Gaisi Takeuti's book Proof Theory proves cut elimination for Simple Type Theory (a combined result of several researchers). Thus it proves consistency of Simple Type Theory with full comprehension in each type and with cut as a proof rule. I will abbreviate that consistency statement as Con(STT). The result of interest to me is:
Conservativity Theorem: If you extend a first order theory $T$ to $\widetilde{T}$ by adding all finite higher types (with full comprehension, and cut rule) then $\widetilde{T}$ is conservative over $T$.
My question: What metatheory is best for these results?
First, I believe that Exponential Function Arithmetic (EFA) can formalize the proof theory showing "If Con(STT) then the cut-free proof system for SST is complete." I also believe EFA can formalize the unhypothetical theorem "extending any first order theory $T$ to $\widetilde{T}$ where only cut-free proofs are used in the type theory, is conservative." I have not checked these very well and they may not be true. But I hope they are true and already known or at least already obvious to proof theorists.
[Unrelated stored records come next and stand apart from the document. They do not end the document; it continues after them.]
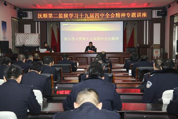 12月23日,辽宁省抚顺第二监狱举办学习十九届四中全会精神专题讲座。监狱领导、中层以上全体干部、机关全体民警和部分基层民警共同聆听讲座。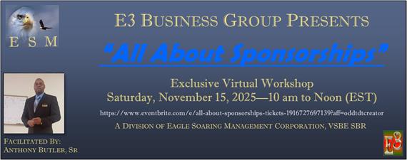 We invite you to register your fundraising team (which may be a team of one) for the most popular and impactful professional development workshops of E3 Business Group, a division of Eagle Soaring Management, a veteran-owned business, and gain valuable insights and techniques for the underutilized and misunderstood concept of sponsorship.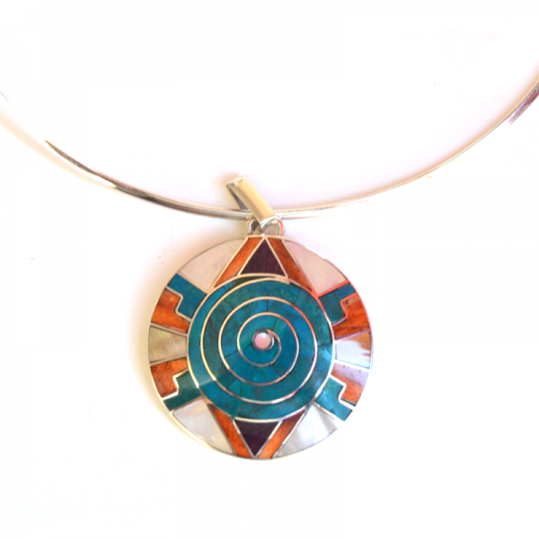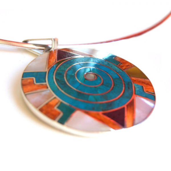 Pendant with 950 silver base inlaid mother of pearl, shell and chrysocolla spondylus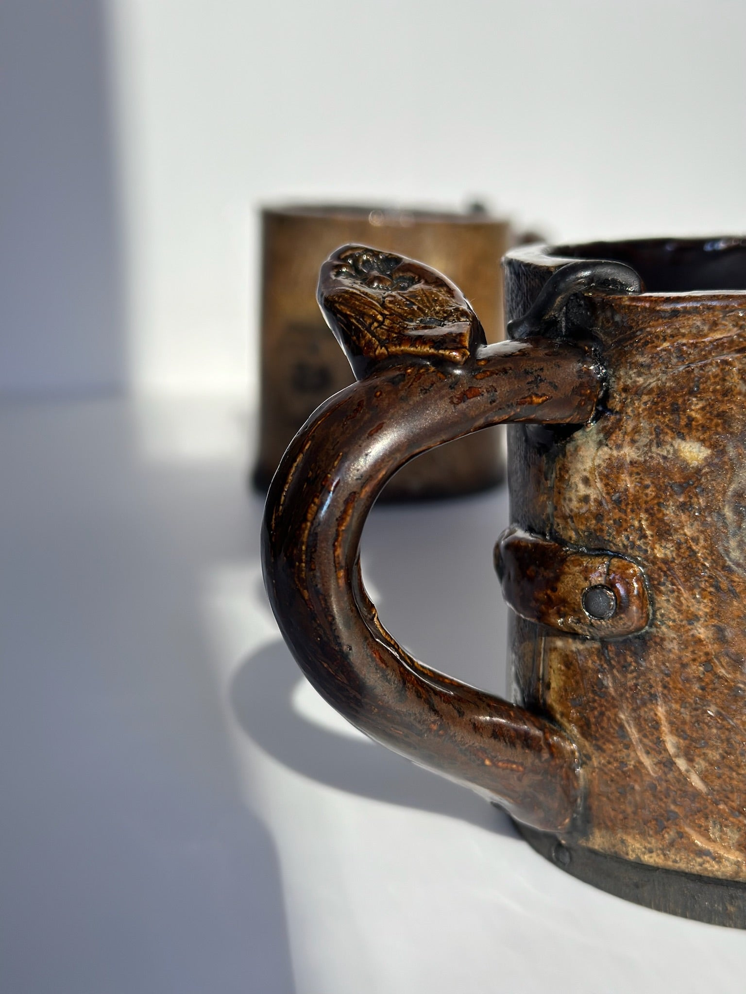 This mug is part of "re-claiMed" collection and is completely hand built. The glaze combination mimics denatured driftwood, moss and metal detailing.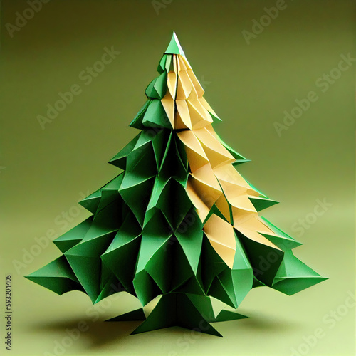 Abstract christmas tree as folded papercut papercraft (Generative AI)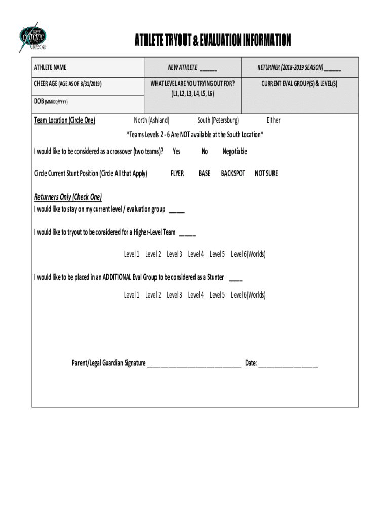 ATHLETE TRYOUT & EVALUATION INFORMATION ATHLETE NAME CHEER AGE (AGE AS OF 8/31/2019) DOB (MM/DD/YYY)Team Location (Circle One)NEW ATHLETE ___RETURNER (20182019 Seasons) ___WHAT LEVEL ARE YOU TRYING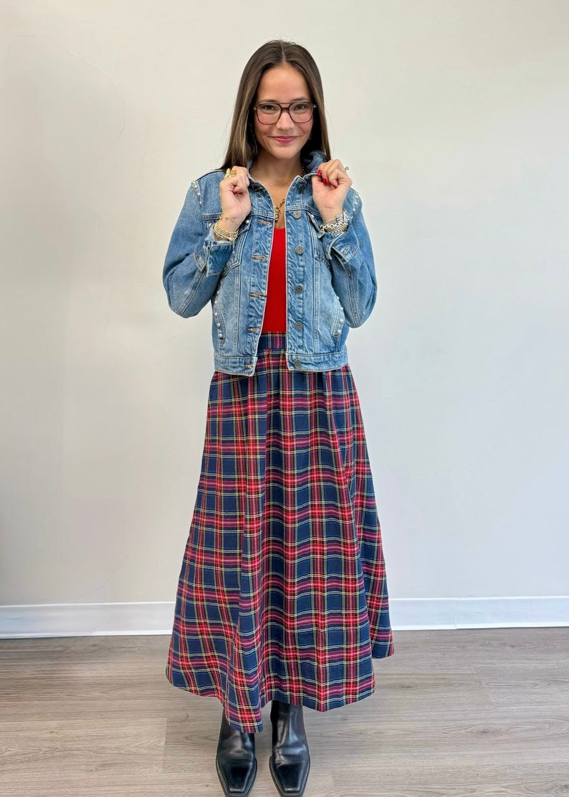 Featuring a timeless buffalo plaid pattern, this skirt adds a touch of festive charm to any outfit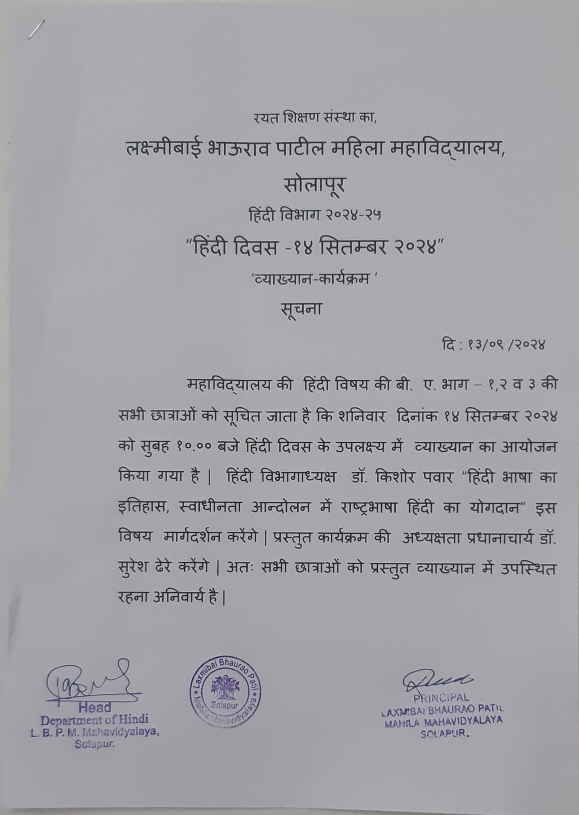 Notice : Hindi Day -2024-25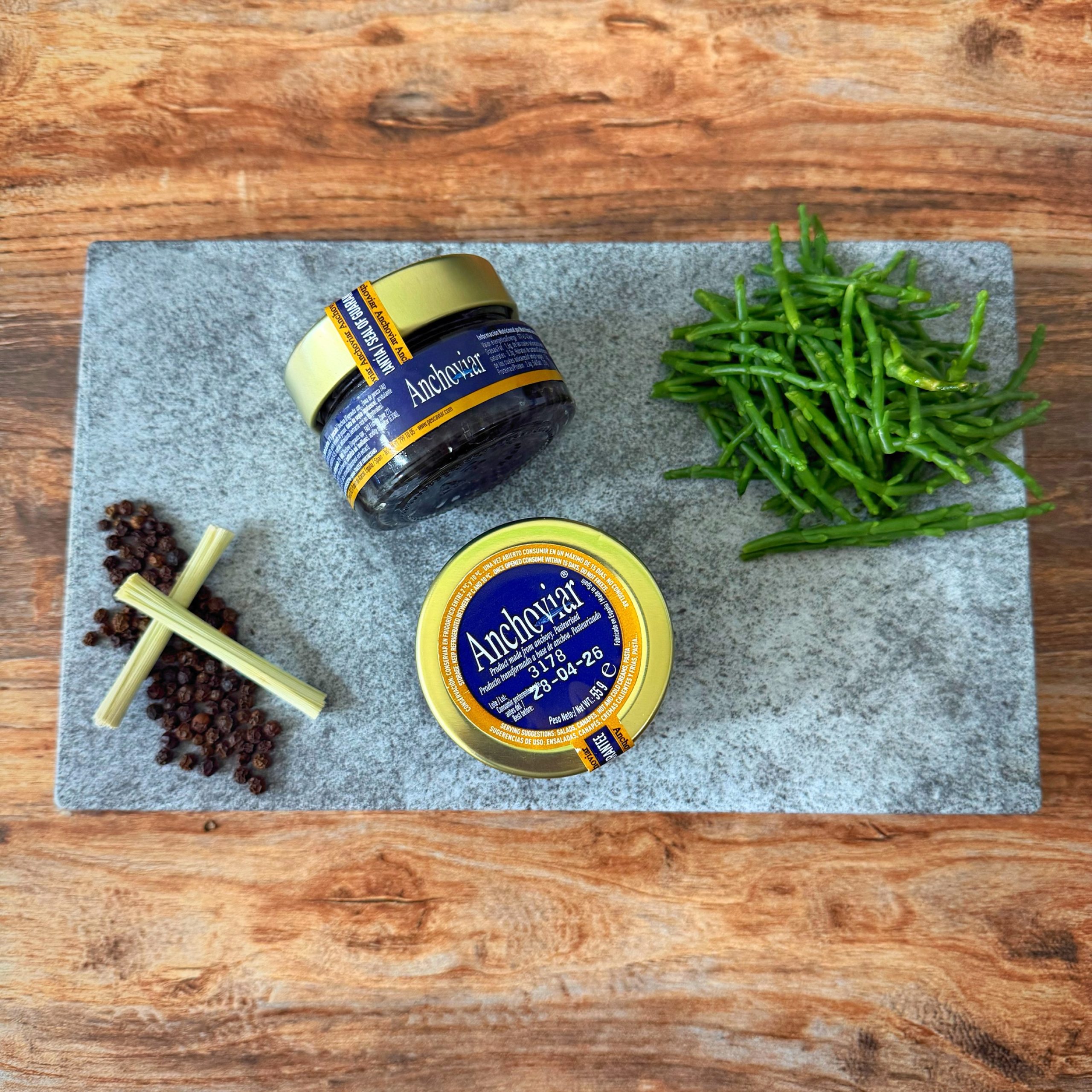 These pearls are made with anchovies from the Cantabrian Sea, which give them their pleasant and intense marine flavour. They are 2mm diameter pearls, with a creamy texture and black colour.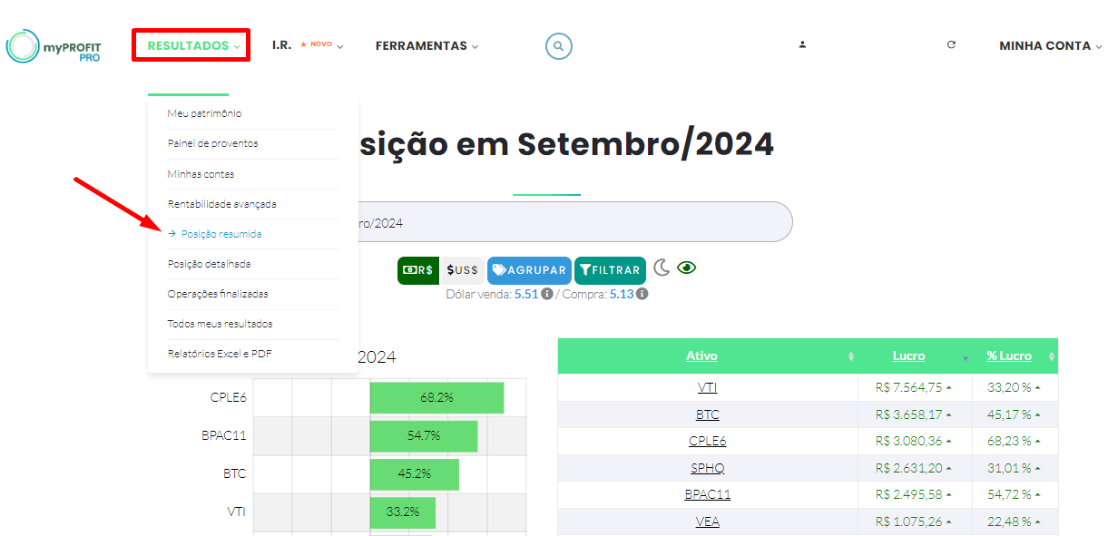 Você só precisa efetuar o login na plataforma e selecionar a opção "RESULTADOS" -> POSIÇÃO RESUMIDA, no canto superior esquerdo da página, conforme imagem a seguir: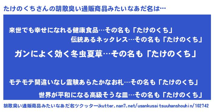 | 男性向けラノベタイトル風あだ名 | 『はたらくたけのくちさま!』 |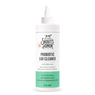 Skout's Honor Probiotic Dog Ear Cleaner uses natural, non-medicated ingredients to safely clean your canine companion’s ears. A cruelty-free formula that contains no sulfates, parabens, alcohol or fragrance restores harmony to your pooch’s ears by stabilizing the internal microbiome. Irritation and dryness are remedied to prevent scratching and odor while dirt is gently wiped away for healthier ears that feel soothed and ready to hear whatever fun trick you command!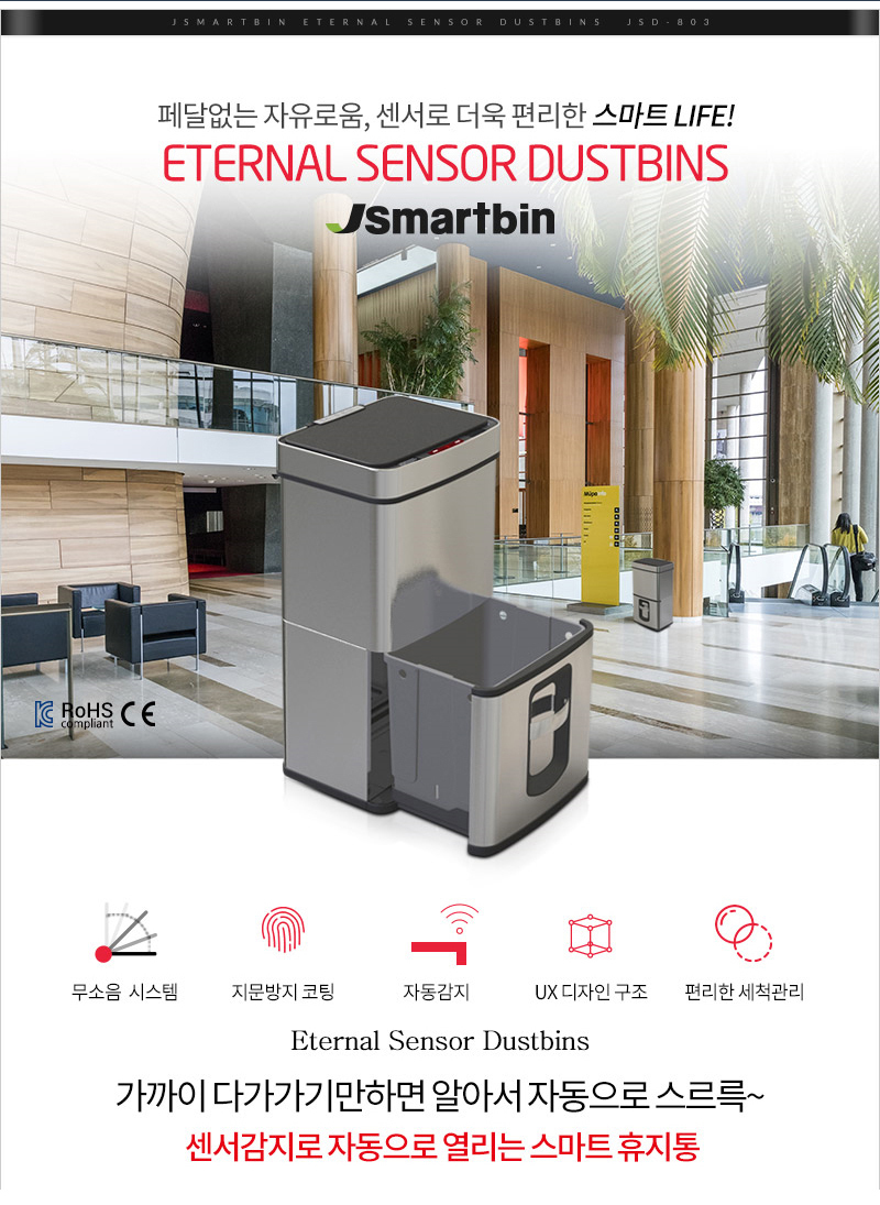 Large capacity Smart Trash Can JSD-803 75L municipal silver warehouse Open Noiseless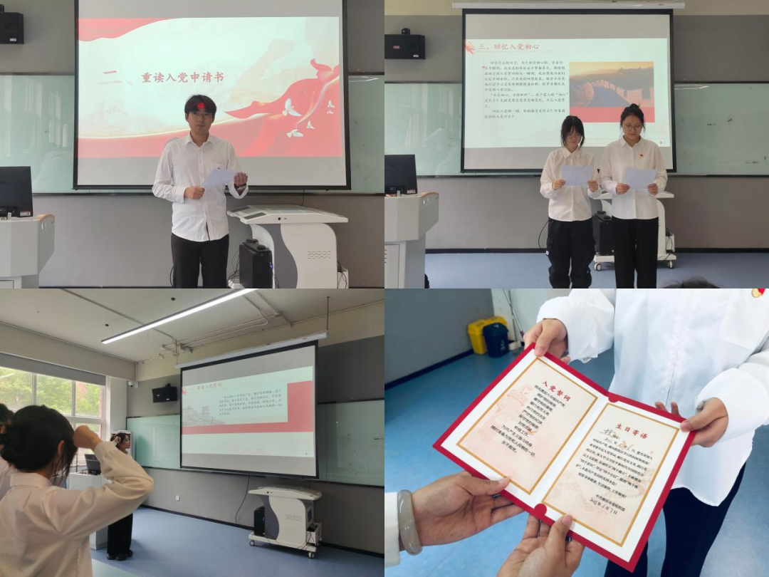 随后,党员代表刘博奥同志饱含深情地回顾了自己的入党历程,感谢党组织在成长之路上给予的关爱与帮助,并在全体支部同志面前做表态发言。通过分享当年入党故事,回顾入党以来的成长历程,畅谈入党以来的感受和体会,结合自身思想、学习、生活、工作和未来方向许下愿望、做出承诺。作为青年党员,我们是幸运的一代人,是生在红旗下、长在春风里的一代人,虽然每个年轻人的经历都有所不同,但都有无穷的潜力和机会。全体党员纷纷表示,在以后奋进路上必将铭记初心,踔厉奋发,勇毅前行。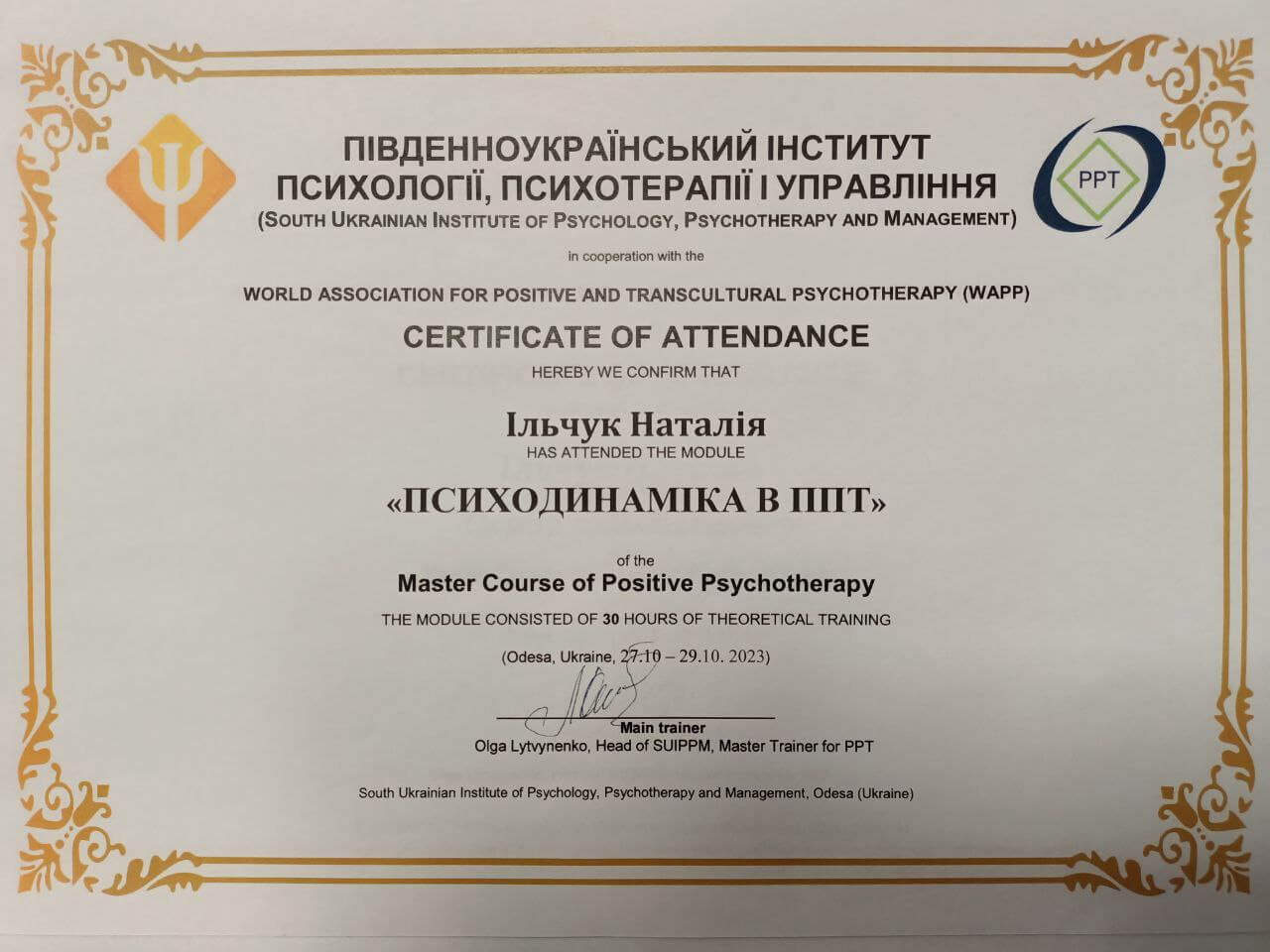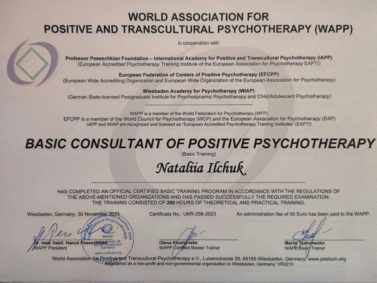 Базовый курс Позитивной и транскультуральной психотерапии, консультант по методу положительной психотерапии, 2023 г.
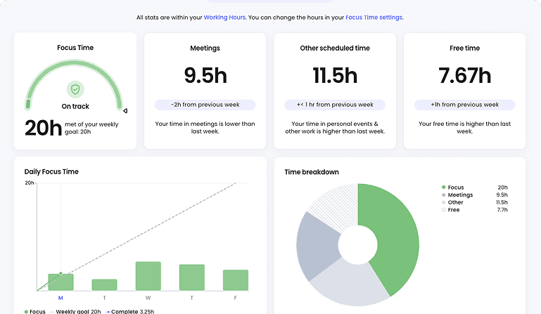 Smart scheduling links, 1:1 optimisation, and meeting-free days help reduce calendar chaos and protect your focus time.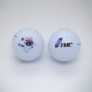 ゴルフボールへ企業ロゴと創立60周年を記念して作成したマスコットキャラクターの印刷をお願いしました。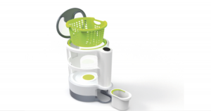 Su prototipo, que destacó en la categoría de Diseño Industrial, mide 100 centímetros de alto por 60 de ancho. Posee contenedores transparentes, una pantalla led táctil, un anillo rotatorio de montaje donde se ubica la canasta para depositar las vestimentas, un difusor de O3 y una cubeta en la que cae el agua.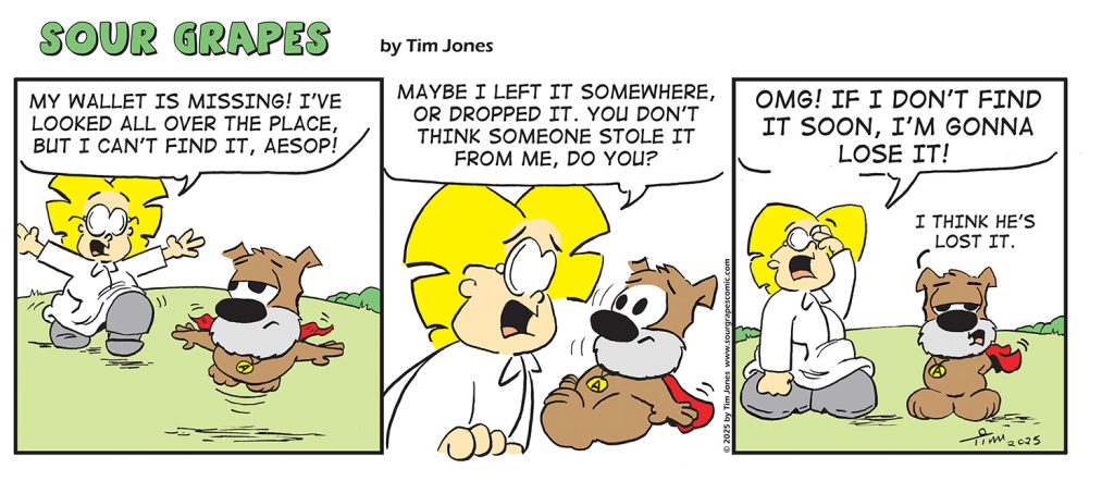On Posted on July 30, 2025July 29, 2025 by Tim Jones to Comics, Sour Grapes Comics Sour Grapes: August A 2025 By Tim Jones on July 30th, 2025 More Posts by The Author: Sour Grapes: December B 2025Sour Grapes: December A 2025Sour Grapes: November B 2025Sour Grapes: November A 2025Sour Grapes: October B 2025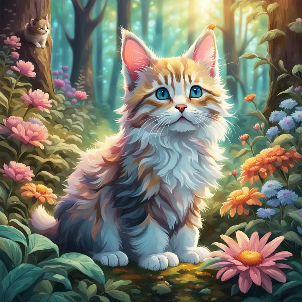 A dreamy illustration of a kijjikon, a fantastical mix of a kitten and a rabbit, surrounded by lush flowers and trees, bathed in warm sunlight and vibrant pastel colors.
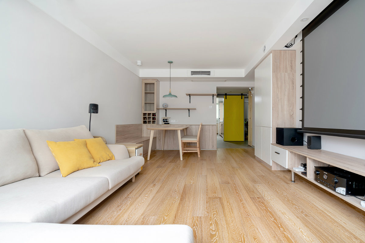 原木和亞麻的搭配是一個經典,氛圍感十足。同時轉角沙發的利用也讓客廳的活動空間變得更大,方便在客廳做一些運動和鍛煉。姜黃色的點綴,讓原本比較溫馨平淡的空間,多了幾分跳脫和活躍。
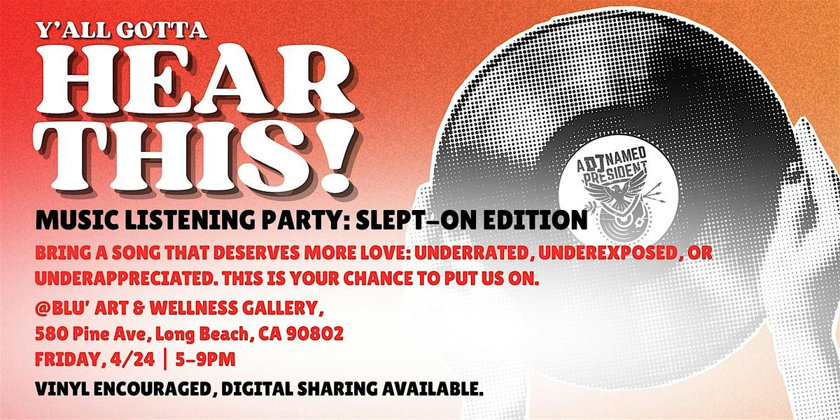 Y’all Gotta Hear This! is a community record listening party presented by A DJ Named President where music lovers gather to share songs they love, this month highlighting songs that have been slept-on. Guests are invited to bring a one song that deserves more love: underrated, underexposed, or underappreciated. This is your chance to put us on!

Second, I believe the straightforward choice of EFA plus Con(STT) is the best metatheory for this. So we regard cut elimination for STT, and the Conservativity Theorem, as depending on Con(STT) and not as proving it. If my beliefs above are correct, then this metatheory is adequate and well suited to the task. But is some better known, or more canonical, metatheory no stronger than this one yet still sufficient?